Exercise brief:
Would you transcribe the whole listing exactly, minus its pictures?

*** Data ***

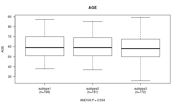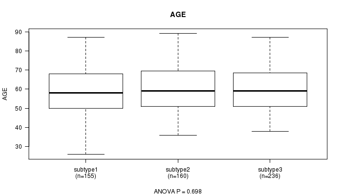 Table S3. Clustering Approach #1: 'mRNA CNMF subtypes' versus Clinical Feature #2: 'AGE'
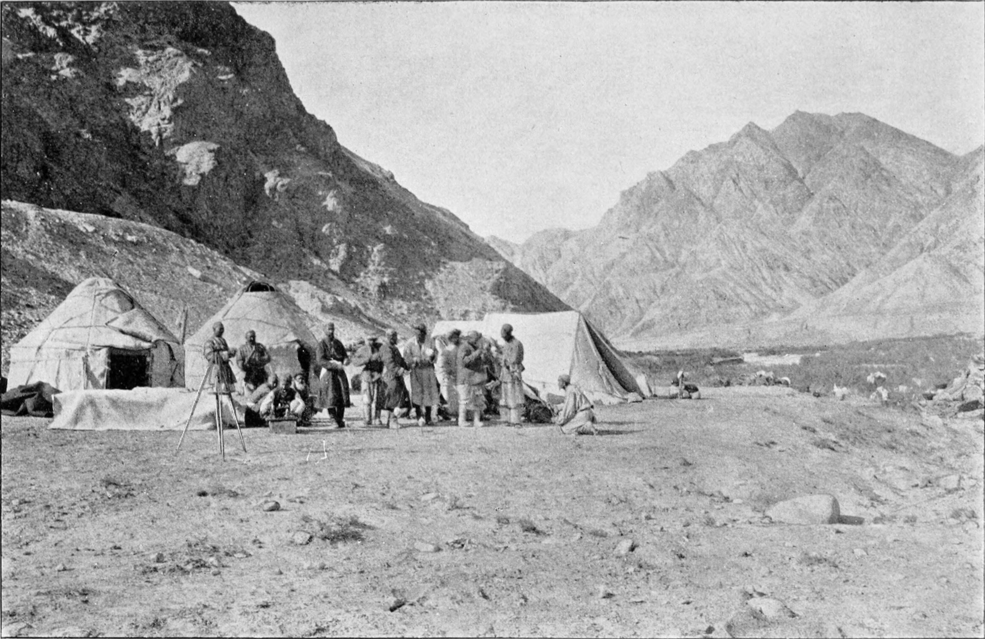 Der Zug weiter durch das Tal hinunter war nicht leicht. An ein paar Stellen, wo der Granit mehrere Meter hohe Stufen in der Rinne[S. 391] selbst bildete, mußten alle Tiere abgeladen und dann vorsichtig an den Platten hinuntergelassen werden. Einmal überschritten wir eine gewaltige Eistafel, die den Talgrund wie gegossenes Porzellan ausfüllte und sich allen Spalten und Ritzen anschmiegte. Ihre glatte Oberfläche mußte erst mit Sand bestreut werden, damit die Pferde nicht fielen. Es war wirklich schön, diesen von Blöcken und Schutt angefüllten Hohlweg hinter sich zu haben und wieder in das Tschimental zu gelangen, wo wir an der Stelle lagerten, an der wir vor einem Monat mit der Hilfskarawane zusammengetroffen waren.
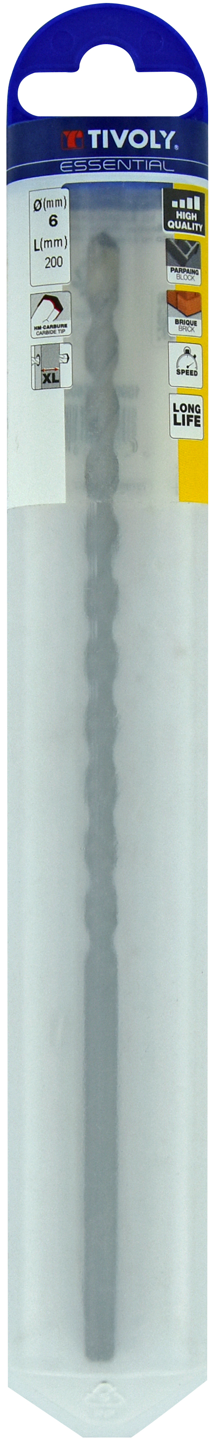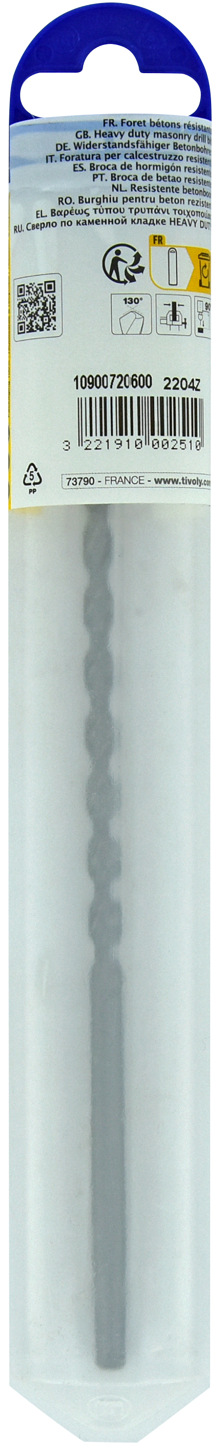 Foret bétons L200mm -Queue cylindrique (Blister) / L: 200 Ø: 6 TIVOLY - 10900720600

*** End of Data ***

Exercise output:
 Table S3. Clustering Approach #1: 'mRNA CNMF subtypes' versus Clinical Feature #2: 'AGE'
 Der Zug weiter durch das Tal hinunter war nicht leicht. An ein paar Stellen, wo der Granit mehrere Meter hohe Stufen in der Rinne[S. 391] selbst bildete, mußten alle Tiere abgeladen und dann vorsichtig an den Platten hinuntergelassen werden. Einmal überschritten wir eine gewaltige Eistafel, die den Talgrund wie gegossenes Porzellan ausfüllte und sich allen Spalten und Ritzen anschmiegte. Ihre glatte Oberfläche mußte erst mit Sand bestreut werden, damit die Pferde nicht fielen. Es war wirklich schön, diesen von Blöcken und Schutt angefüllten Hohlweg hinter sich zu haben und wieder in das Tschimental zu gelangen, wo wir an der Stelle lagerten, an der wir vor einem Monat mit der Hilfskarawane zusammengetroffen waren.
 Foret bétons L200mm -Queue cylindrique (Blister) / L: 200 Ø: 6 TIVOLY - 10900720600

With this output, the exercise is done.